While I brewed another pot and brought out the banana nut muffins Bethany and I had made the day before—with raw instead of refined sugar—I brought her up to date. Even as I told the weekend’s story, including a rendition of me fending off a few local reporters who’d gotten wind of the FBI’s presence, I had a hard time believing all of that had happened in just three days.

Wesley listened with her warm-oil eyes, giving the occasional nod and stirring her coffee in a meditative fashion. I sank onto a stool beside her when I was finished, spent but somehow calm, as if merely saying it all took some of its bite away.

I hesitated to say it, but I had to. “I’m glad you came by,” I said.

Wesley pulled in her chin in that way she had. “I didn’t just come by. Sonia told me Friday she wanted to work with me twice a day. I’m here for my morning shift.”

“She said that?” I shook my head. “That was before the FBI showed up and triggered the whole mirror-smashing thing, I guess.”

“Miss Sonia was ready to smash things long before that. She’s right where she needs to be.”

“Absolutely.”

“And where does that leave you?”

I shrugged. “Here with Bethany. I’m definitely not leaving her now, with all this going on . . .”

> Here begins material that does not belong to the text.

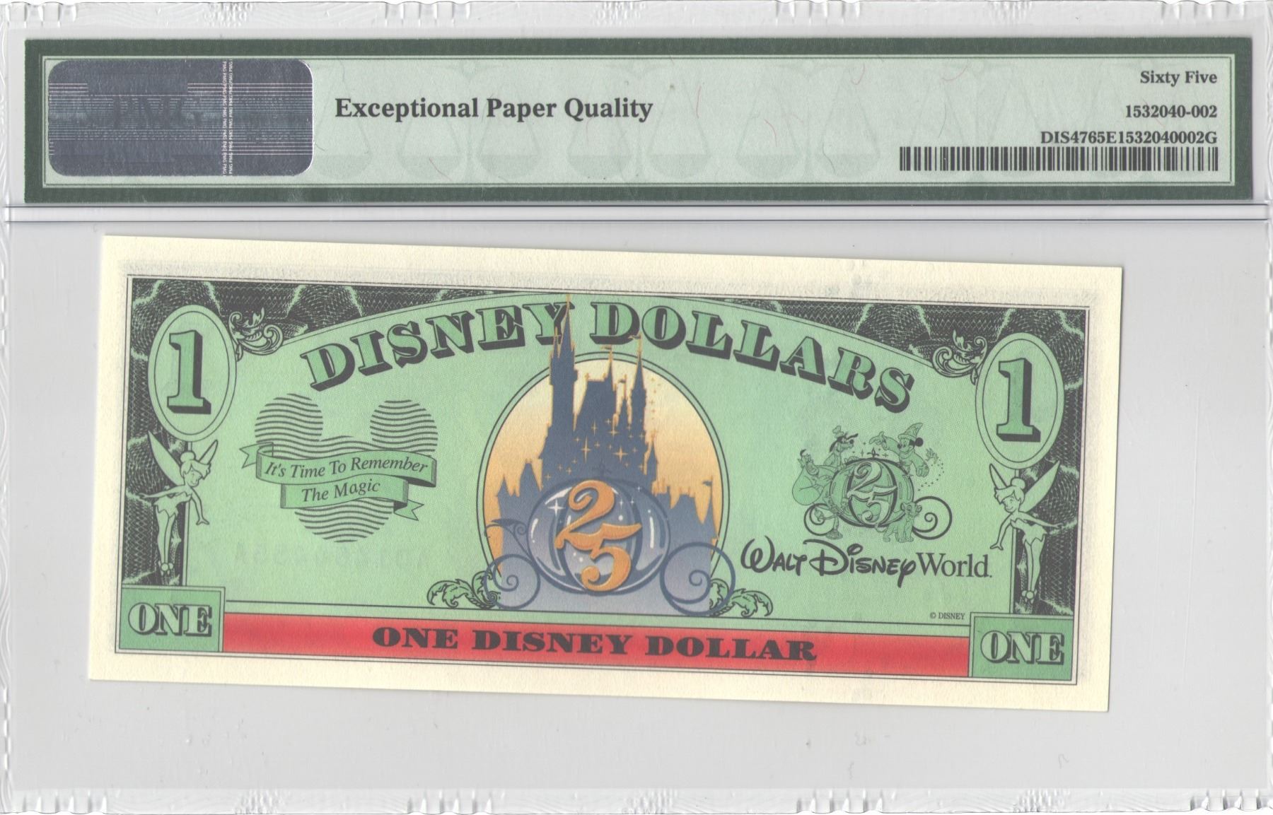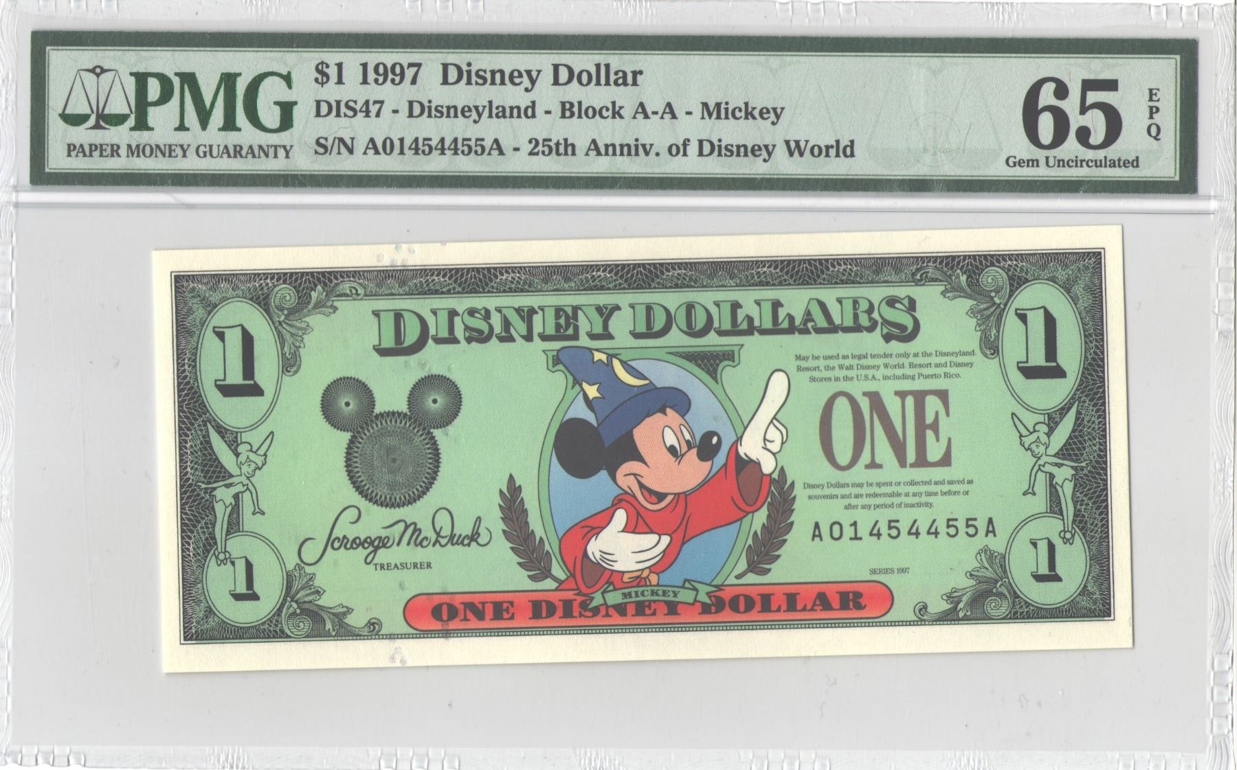 One 1997 $1 Disney 25th Anniversary Mickey the Sorcerer Note PMG 65EPQ.

I let that trail off. Wesley lowered her head to look at me.

“What?” she said.

What was the thing Sullivan and I talked about—how I needed to become I. Why that came to me at that moment I didn’t have a clue, but I reached for the wisp and pulled it in.

“I know what I’m doing for Bethany,” I said. “But I don’t know what I’m doing for me.”

A smile rose on Wesley’s face. “Well, I know a good place to start. Pick you a bathing suit, girl. We are goin’ swimmin’.”